The major limitation of our study was the use of relatively high concentrations of GlcN when compared to the in vivo situation. A recent report by Persiani et al.  showed that synovial GlcN concentration varied between 3 and 18 μM after oral administration at the therapeutic dose of 1500 mg once-a-day. In many earlier reports, including our own, much higher concentration have been used for in-vitro studies [5, 10–13, 20, 30–34]. In chondrocytes it has been demonstrated that exogenous GlcN was incorporated in newly formed chondroitin sulphate when added at an equimolar concentration with Gluc in the culture medium. When Gluc concentration increased, chondrocytes preferably incorporated GlcN that was endogenously formed from Gluc [35, 36]. These results suggested that in chondrocytes the GlcN to Gluc ratio played an important role in the utilization and therefore effectiveness of exogenously provided GlcN. Since we did not know whether this was also the case for synovium, we decided to use an equimolar and ten times lower GlcN concentration compared to medium Gluc concentration.

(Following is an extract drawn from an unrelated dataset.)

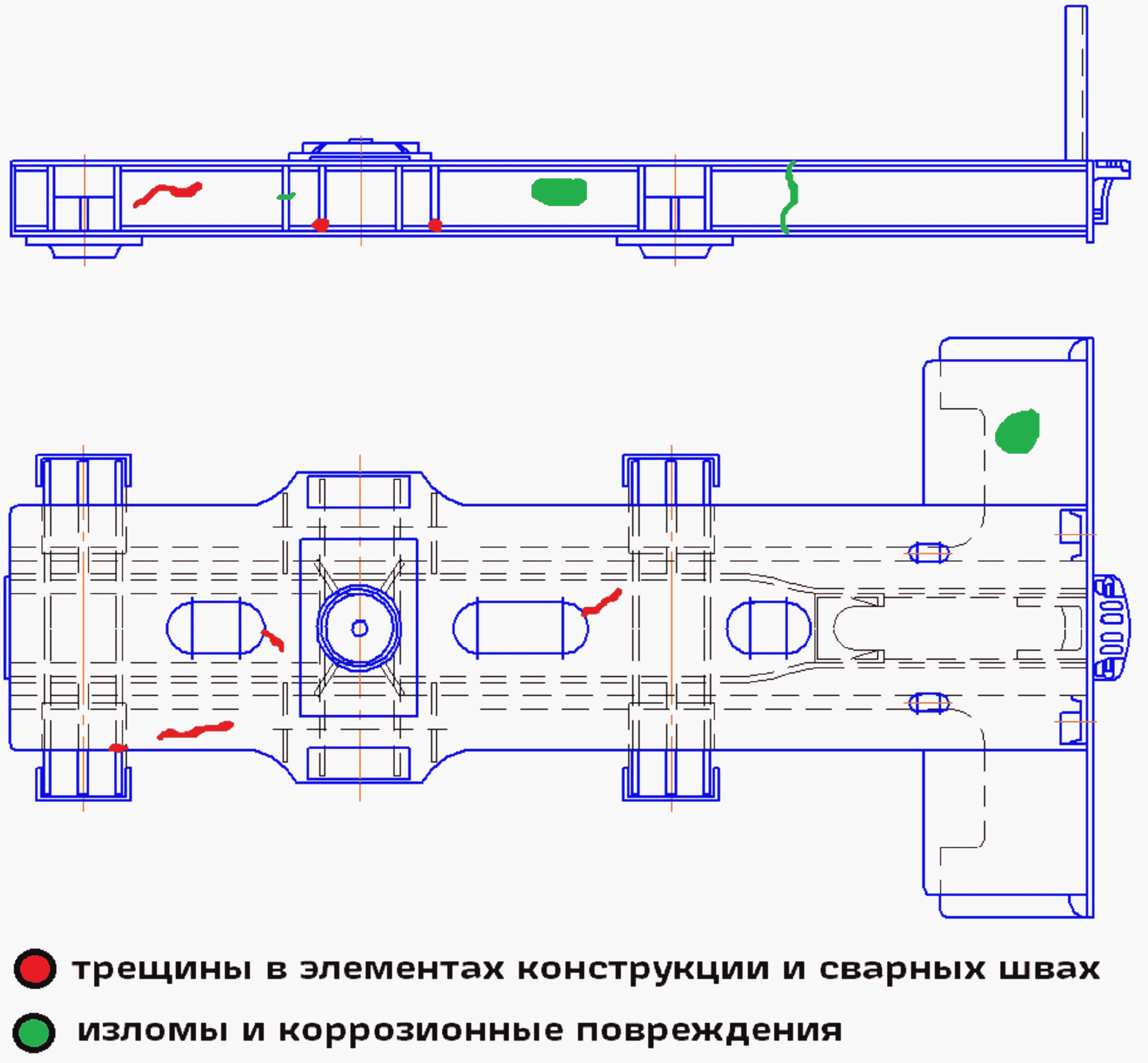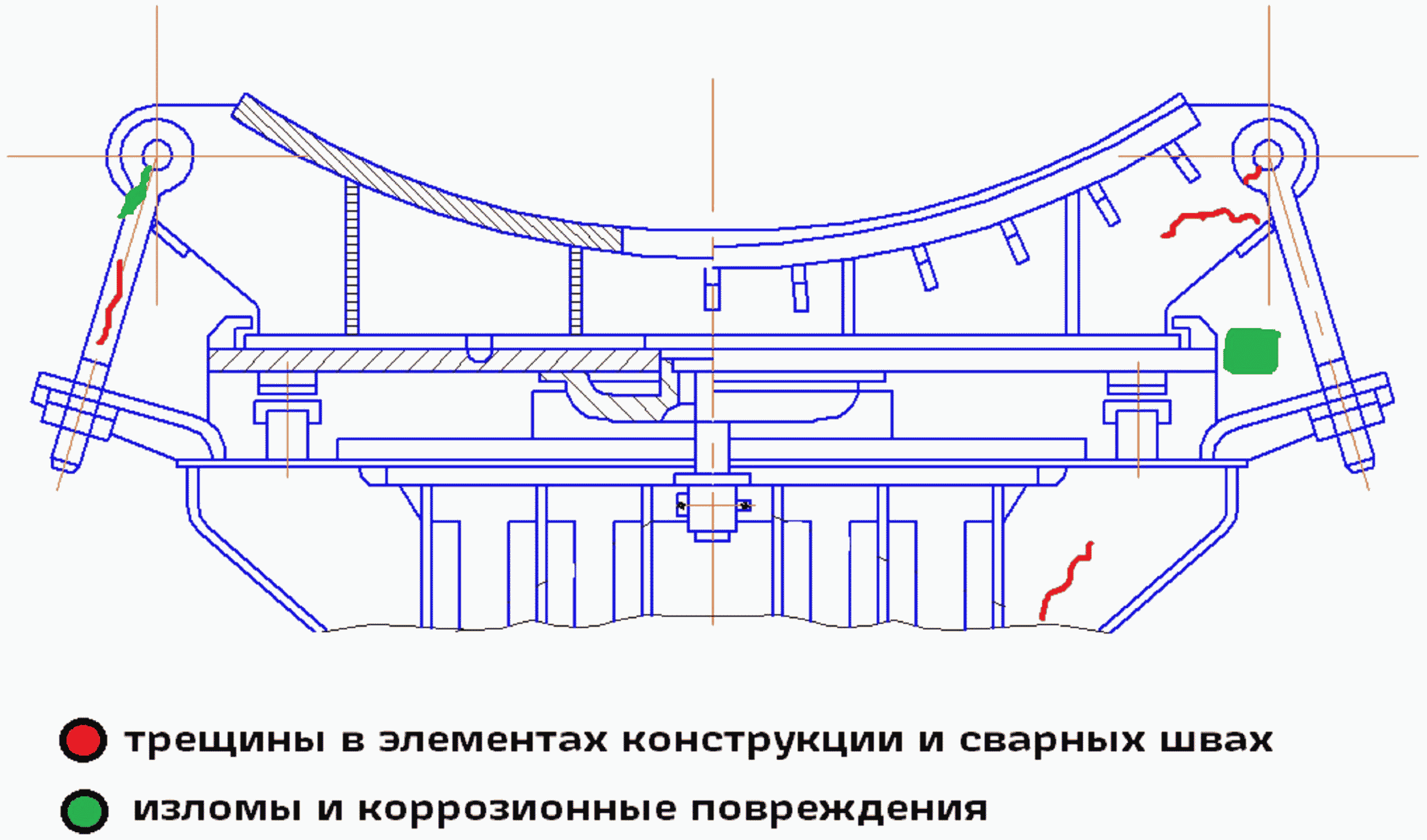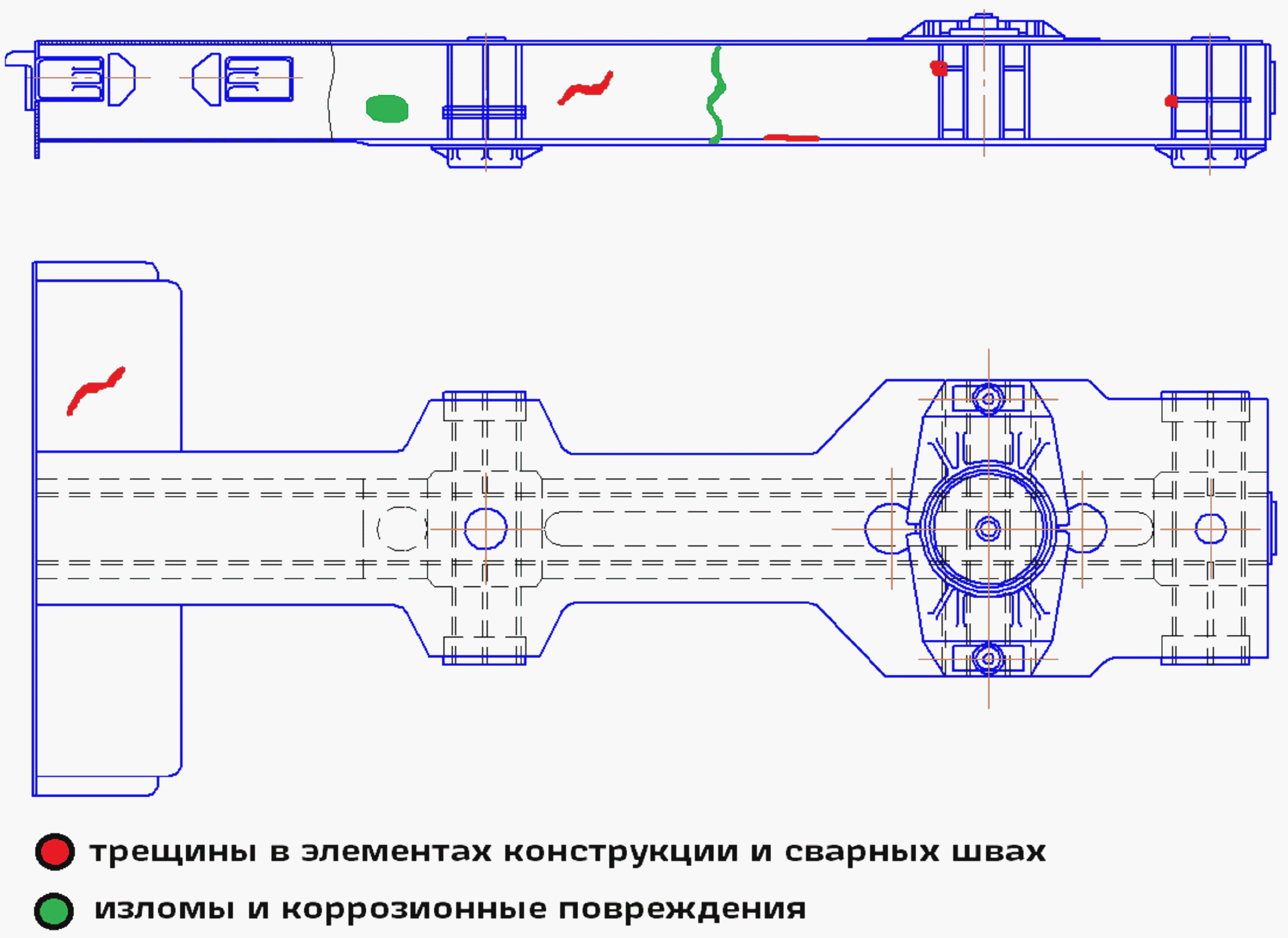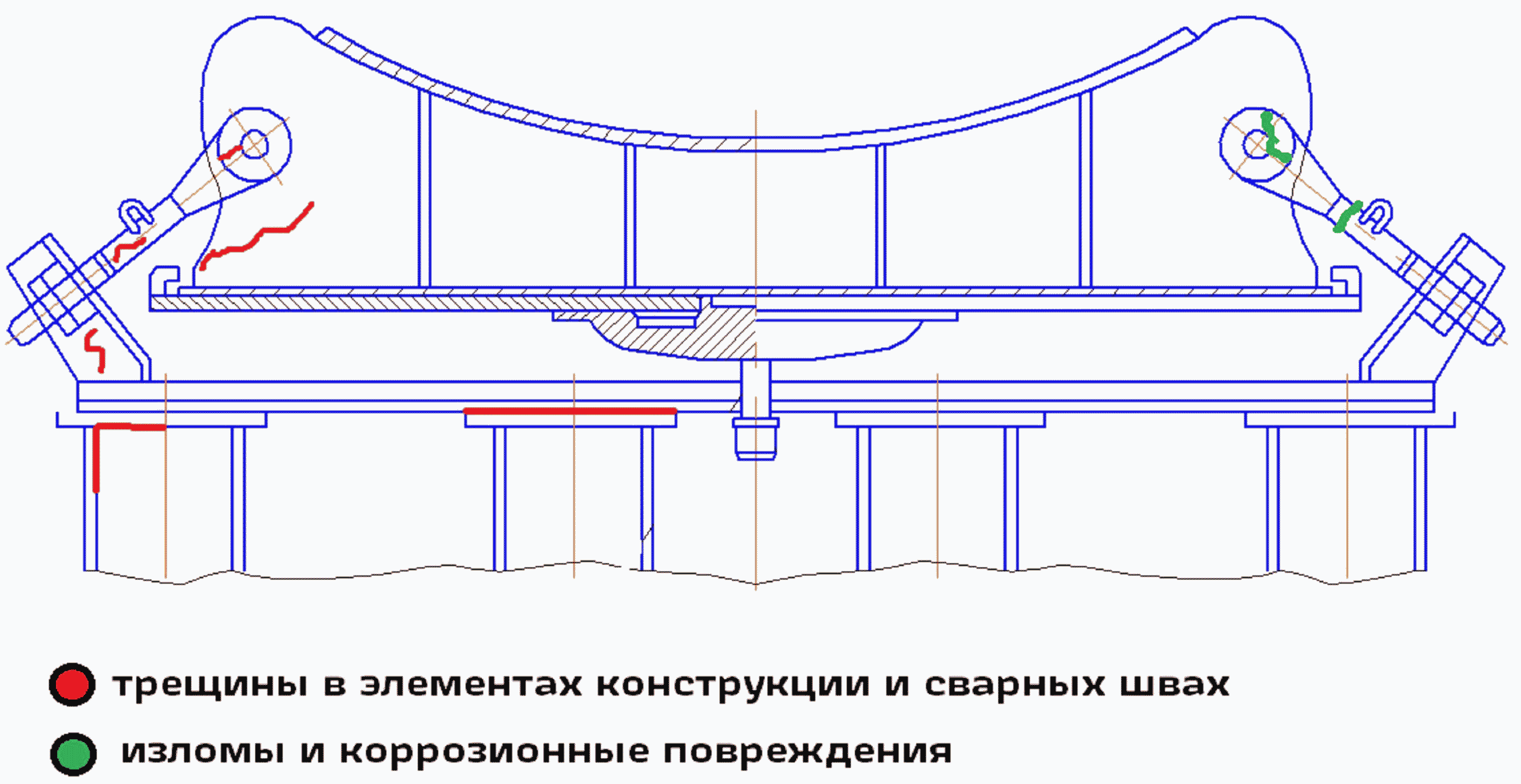 9.8 Водила (балок коробчатого сечения, шарниров крепления балок к несущим консолям и с гидравлическими цилиндрами амортизирующего устройства консолей, вертикальной направляющей балки) | + | + | + | + | + |

When trying to translate our in vitro results to clinical applicability of GlcN, the intra-articular GlcN concentration that can be reached after administration of GlcN to the patient is reason of concern and thus weakens the direct clinical relevance of our work. Since the first studies were performed on the effect of GlcN there has been debate on this topic. When GlcN-HCl was administered to horses in a single dose, intravenously as well as orally, in a dosage per kg bodyweight at clinically relevant levels, GlcN was still detectable in synovial fluids 6 hours after it was nearly completely cleared from the serum . Although GlcN can thus be retained in joint fluid, it must still be questioned whether the levels of 0.5 mM or 5 mM GlcN will ever be reached in the joint. Therefore, future studies should look into the effect of lower GlcN concentrations on synovial HA production. Our result should be interpreted as a proof of concept on the possible working mechanism of GlcN in OA.
In conclusion, the results of our experiments suggest that GlcN-HCl increases the production of HA in synovium. Our results were obtained with GlcN concentrations much higher than thus far have been reported in human synovial fluid after oral ingestion of a therapeutic dose . Further studies are needed to investigate the effect of GlcN concentrations more likely to be reached in the human joint, before any decision can be made upon the clinical relevancy of GlcN ingestion on synovial HA production.